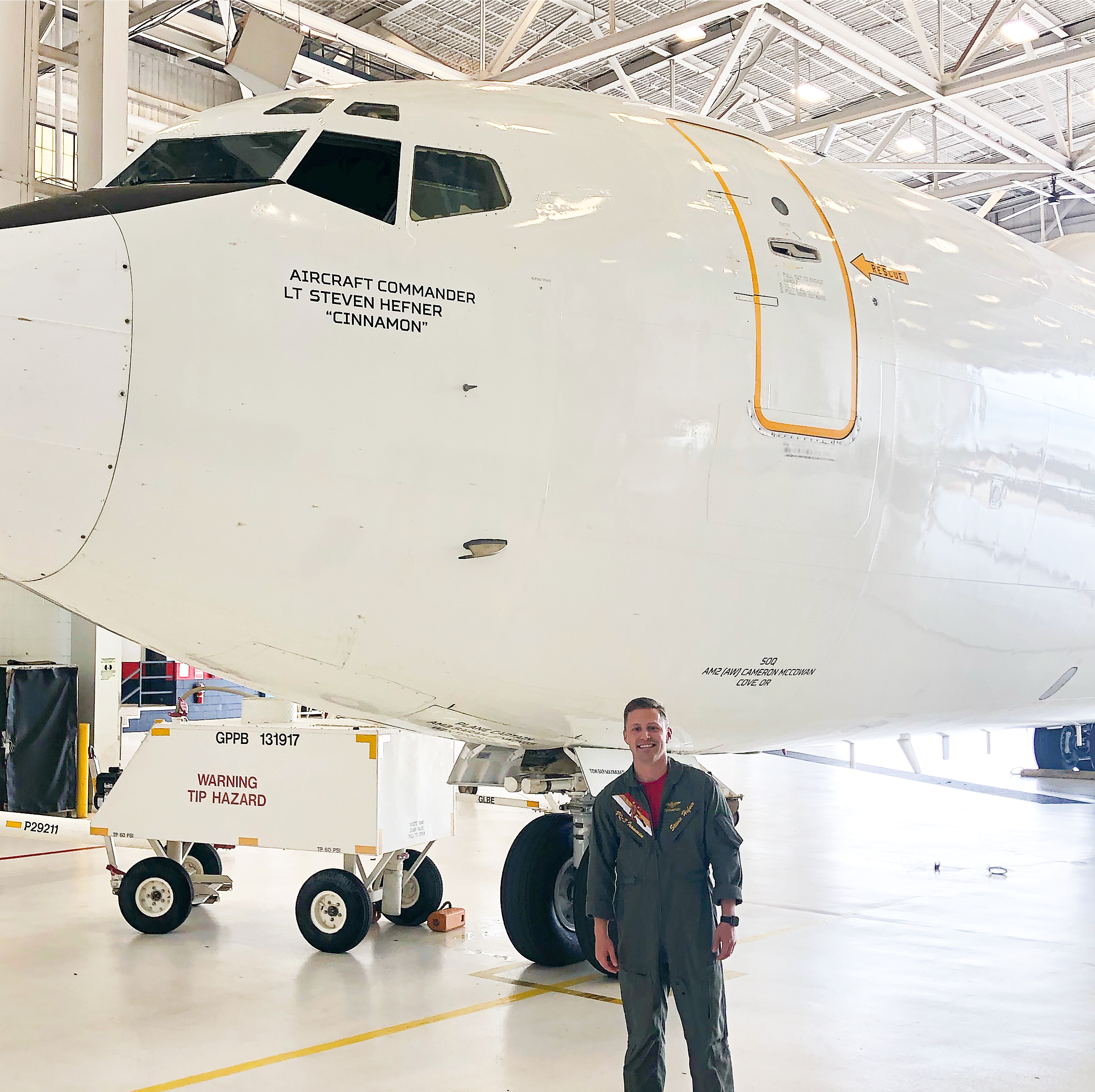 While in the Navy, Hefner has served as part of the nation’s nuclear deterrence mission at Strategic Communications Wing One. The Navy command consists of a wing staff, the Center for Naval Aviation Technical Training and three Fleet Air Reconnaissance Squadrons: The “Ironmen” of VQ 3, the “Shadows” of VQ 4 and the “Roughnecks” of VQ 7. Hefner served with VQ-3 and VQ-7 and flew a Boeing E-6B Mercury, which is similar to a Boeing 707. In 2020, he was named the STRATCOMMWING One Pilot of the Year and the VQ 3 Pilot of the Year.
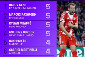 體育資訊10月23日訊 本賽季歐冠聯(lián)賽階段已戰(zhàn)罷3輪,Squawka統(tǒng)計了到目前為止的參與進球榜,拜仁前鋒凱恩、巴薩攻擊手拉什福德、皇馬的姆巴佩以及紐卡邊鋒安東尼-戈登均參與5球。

----

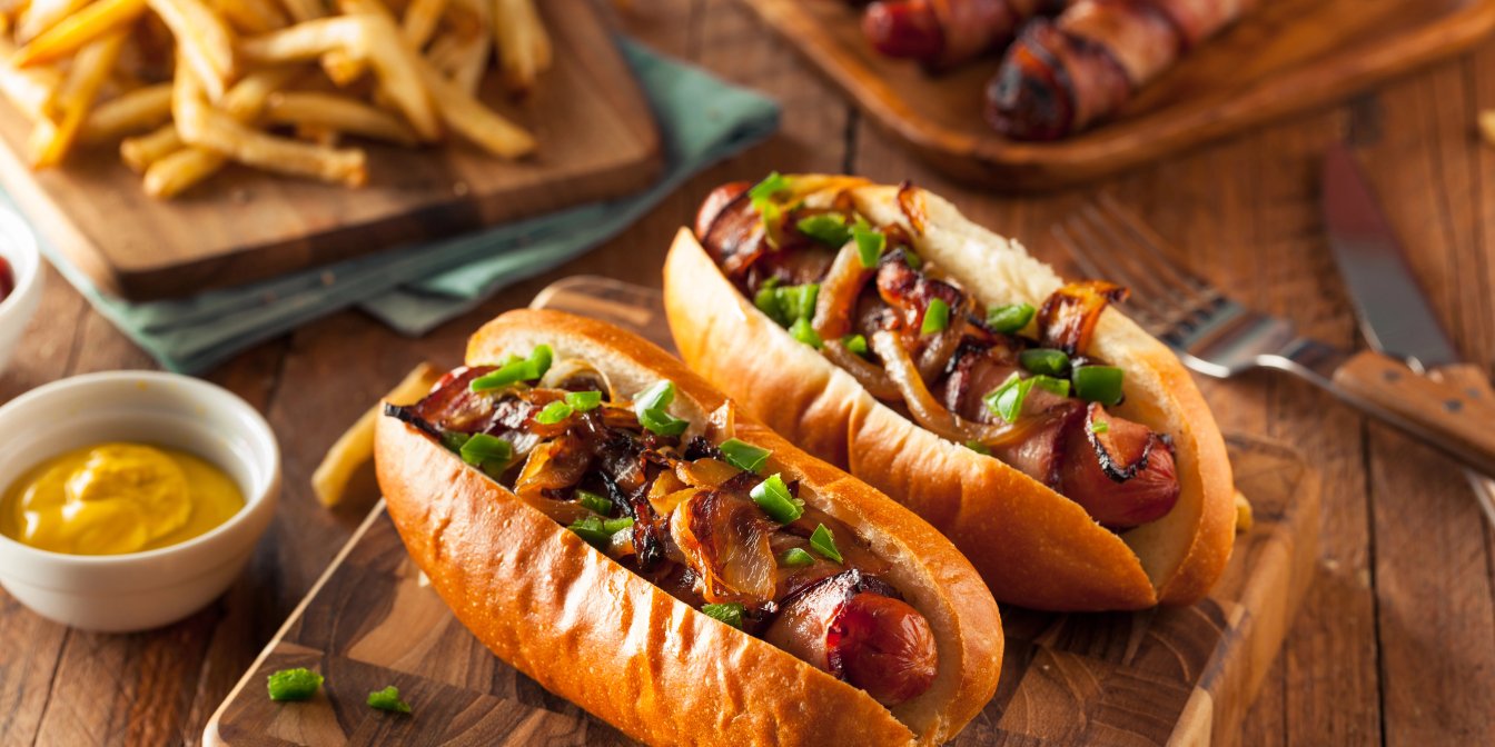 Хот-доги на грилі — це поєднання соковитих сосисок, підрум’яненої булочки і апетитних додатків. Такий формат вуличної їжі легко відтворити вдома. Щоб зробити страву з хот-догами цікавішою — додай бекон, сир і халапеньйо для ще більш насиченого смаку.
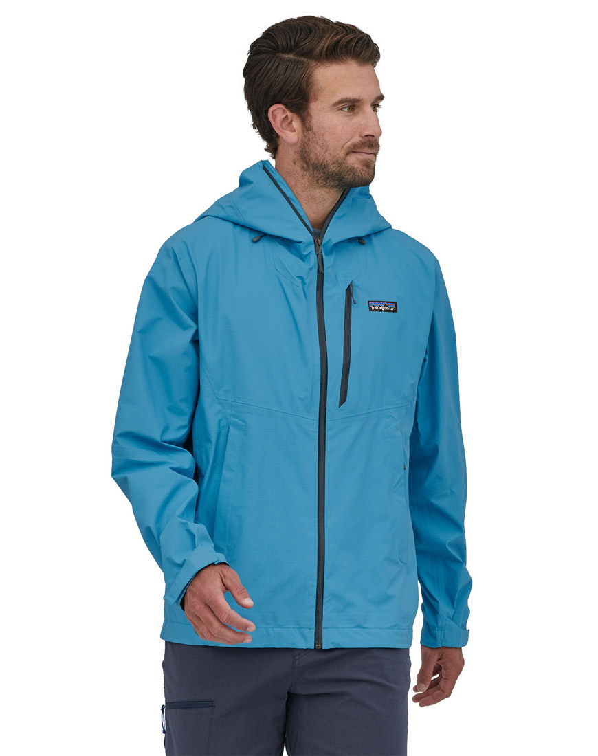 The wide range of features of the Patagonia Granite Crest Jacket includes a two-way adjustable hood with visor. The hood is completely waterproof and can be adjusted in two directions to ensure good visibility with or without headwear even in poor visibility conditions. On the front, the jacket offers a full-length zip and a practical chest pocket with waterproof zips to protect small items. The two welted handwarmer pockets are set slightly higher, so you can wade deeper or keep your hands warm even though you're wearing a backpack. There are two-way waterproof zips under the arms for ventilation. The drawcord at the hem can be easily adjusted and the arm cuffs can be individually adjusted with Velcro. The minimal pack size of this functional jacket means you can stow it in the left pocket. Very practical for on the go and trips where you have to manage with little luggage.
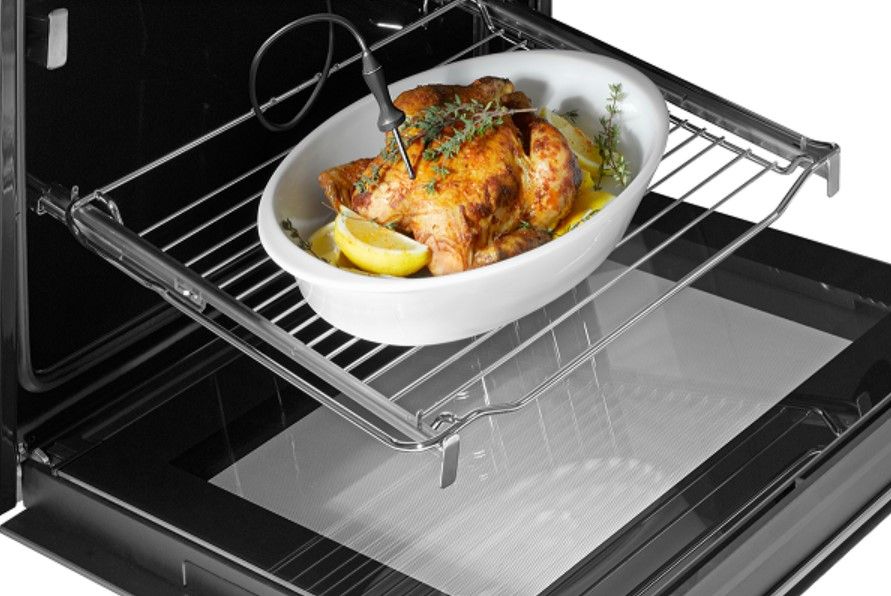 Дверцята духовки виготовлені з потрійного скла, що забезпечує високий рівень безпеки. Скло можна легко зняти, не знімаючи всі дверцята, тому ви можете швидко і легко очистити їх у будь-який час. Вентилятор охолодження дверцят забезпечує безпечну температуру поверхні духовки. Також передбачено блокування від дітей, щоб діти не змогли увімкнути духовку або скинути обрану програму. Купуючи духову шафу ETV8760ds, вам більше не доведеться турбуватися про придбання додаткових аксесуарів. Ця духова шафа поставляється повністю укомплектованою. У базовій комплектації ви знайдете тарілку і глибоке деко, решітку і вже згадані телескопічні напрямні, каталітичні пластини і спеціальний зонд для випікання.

----

Transcribe only this stretch of the data: the line with "While in the", the line with "體育資訊10月23日訊 本賽", and every line in between. Leave out the pictures.

EXERCISE RESULT
 While in the Navy, Hefner has served as part of the nation’s nuclear deterrence mission at Strategic Communications Wing One. The Navy command consists of a wing staff, the Center for Naval Aviation Technical Training and three Fleet Air Reconnaissance Squadrons: The “Ironmen” of VQ 3, the “Shadows” of VQ 4 and the “Roughnecks” of VQ 7. Hefner served with VQ-3 and VQ-7 and flew a Boeing E-6B Mercury, which is similar to a Boeing 707. In 2020, he was named the STRATCOMMWING One Pilot of the Year and the VQ 3 Pilot of the Year.
 體育資訊10月23日訊 本賽季歐冠聯(lián)賽階段已戰(zhàn)罷3輪,Squawka統(tǒng)計了到目前為止的參與進球榜,拜仁前鋒凱恩、巴薩攻擊手拉什福德、皇馬的姆巴佩以及紐卡邊鋒安東尼-戈登均參與5球。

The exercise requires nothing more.